If you want me to address issues, here we go. The holes in the neck? I do that on purpose (duh) to put clay in the back of the head to hold the earliners. Why? Im dumb and don’t know how to do it any other way. It WORKS for me. The holes pop open because I SUCK at sewing, although I have been practicing since and have gotten better, slower, more patient and careful with my seams. Recent customers off of dA have been telling me nothing but good things, and if at most, they find one or two very small holes, or none at all. (Ive found my share of holes on other artists work too…but I wouldn’t go shouting about it. It doesn’t matter.)
The rusty nails were on one mount, and that was Shasta. It was impossible (at the time, remember this was three years ago) to hold the skin where I wanted it and didn’t have T pins at the time, only small sewing pins. I found some regular nails and used it to hold it down until it dried, and forgot to remove them later on. Its not a shocking thing, Ive had other artists mounts in my hands and have found plenty of things they’ve left behind inside/on their mounts. It does happen, and it was a very long time ago when I knew next to nothing. I leave pins in the ears for safety. Just in case they get knocked out, my customers can push the pins in to hold them down. Matter of fact, I remember a better time when people told me "everyone does it their own way." (which is true. As much as you all want to believe theres "rules" to this, there arent. Its art…If it works, do it.) "Leave the pins! That’s how they made it." That’s what I was very specifically told by people when I got a mount with T pins holding the ears down.
I really cant think of any way where everyone involved isnt guilty of something. Weve done our shares of digging and ive found nasty and surprising things about everyone whos pointing fingers at me. (and some who arent, too.) But I don’t feel the need to express them publicly because what is it going to do? Every single Taxidermist, pro or not, has SOMETHING that they’ve done wrong. Were all human. And as much as I want to, posting it all wouldn’t benefit me in any way. I don’t even think it would bring sales to me, because who would want to do business with someone who spends their days attempting to ruin other peoples lives? No one. People have been telling me some artists involved were their idols or their favorite artist, and now they don’t want to touch them with a 10 foot pole because of either how their acting, or the abusive people they associate with.While I was trying to move on with my life, Ive had many people come to me about this. Some supporting me, some threatening to hurt me, but mostly, talking about how they were surprised at the names and faces and how they never expected them to be such horrible people. And I think about it, and I think, and I think. And I realize…theyre right. No normal, decent person would ever want to purposely ruin someones life that they’ve never even had a full conversation with. I guess it just makes you take a step back. I don’t know.

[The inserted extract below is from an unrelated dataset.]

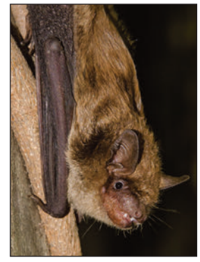
Big Brown Bat

All Illinois bats are protected under the Wildlife Code (520 ILCS 5/1.1). Bats may not be shot, trapped, transported, or held in confinement except when a bat is found in an area where they may have contact with humans or domestic pets.
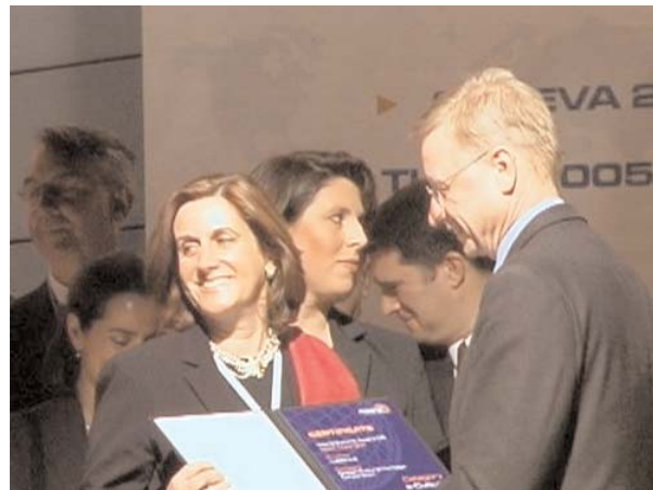
Franz Morak , Secretary of State for the Arts and Media, Austria hands over the certificates in the category e-culture

I know it doesnt seem like it, but Taxidermy really is and was the only thing I was ever great at. I had thought I found a family, but I realize I certainly did not. I keep doing it because I love it, because i need to be better than everything said about me. and I KNOW im better than whats said about me. Each day I work harder to better myself and what I do. And that is the only thing I can do to heal from....everything.
To end this, If you feel the need to degrade or demean how I feel about what has happened over the last several months, I can't stop you. This isn't a "poor poor pitiful me". But if you feel the need to refute my feelings, I guess it just shows the real and true types of people who we surround ourselves with.